I’m not an expert, merely someone who follows these things somewhat closely.
To get to your point about ‘is this what a recession looks like’, basically yes, exactly that. Now not all will look the same, this one merely had several negative feedback loops increasing the severity.
So short version: there are a lot of bad bank assets out there, ones that are being misrepresented to various places in regards to security. These things are basically housing loans that have been chopped up into thousands of pieces, an individual’s housing loan may be spread among dozens of securities, and sold.
Mortgage Backed Securities (which are what I will refer to as securities from here out) are basically a bundle of many fragments of loans. Any individual security will have a tiny percentage of an individual loan, with many loans compiled together. These are then sold to pension funds, various investment firms, etc. There is a risk, and a certain rate of default baked into them. That way if any individual loan defaults it has a small impact on many investors, instead of big impact on a few.
So these were sold, while the banks were deliberately deceptive about the risk, returns, and default rates. See that’s where sub prime loans come in. Not to go down that rabbit hole, but the short version is that banks knowingly and intentionally sold loans in such a way to increase their profit, knowing there was a higher risk due to them selling these shady loans. But they’re bundling them up and selling them as securities, so they are not on the hook when the default rates spike (as they did in 2007-8 when sub prime loans went bust big time).

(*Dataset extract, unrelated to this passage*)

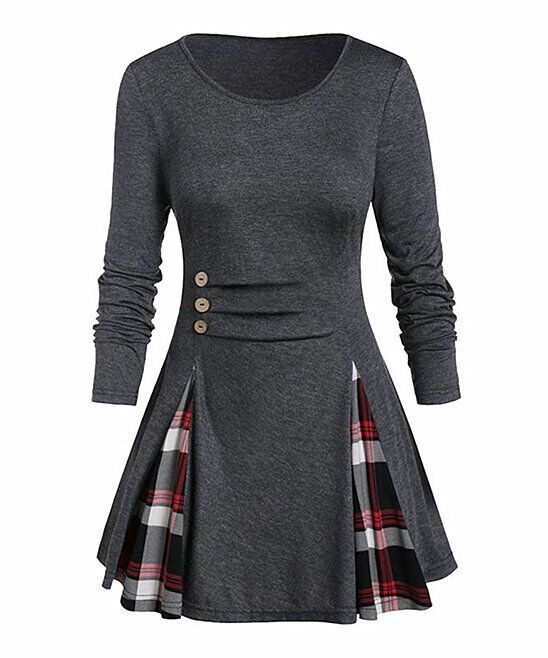 Gray & Red Plaid Pleat Button-Accent Top size 5XL

This devastated many sectors of finance. Relaxed regulations had allowed places to overextend themselves, to lie and cheat the public, all in the name of short term profits. As the loans started to implode, the scale rippled. Places that had invested based on a set risk, for a set return, lost their shirts (why many pension funds got killed, California in particular was a big investor in these).
Fast forward a bit, and the money that greases the economy is dried up. Business loans are harder to get, many companies lost their cash funds, and as a result companies go out of business, cut back production, and lay off workers. Because the banks are in a mess of their own making the economy grinds to a halt. And because it is the banks access to capital, which might have otherwise have lessened the severity, you see the economy shedding upwards of 800k jobs a month.
Double the fun as banking is global, meaning that Europe, Japan, etc. all hit the same wall. Meaning that imports and exports dropped massively across the board, making recovery harder.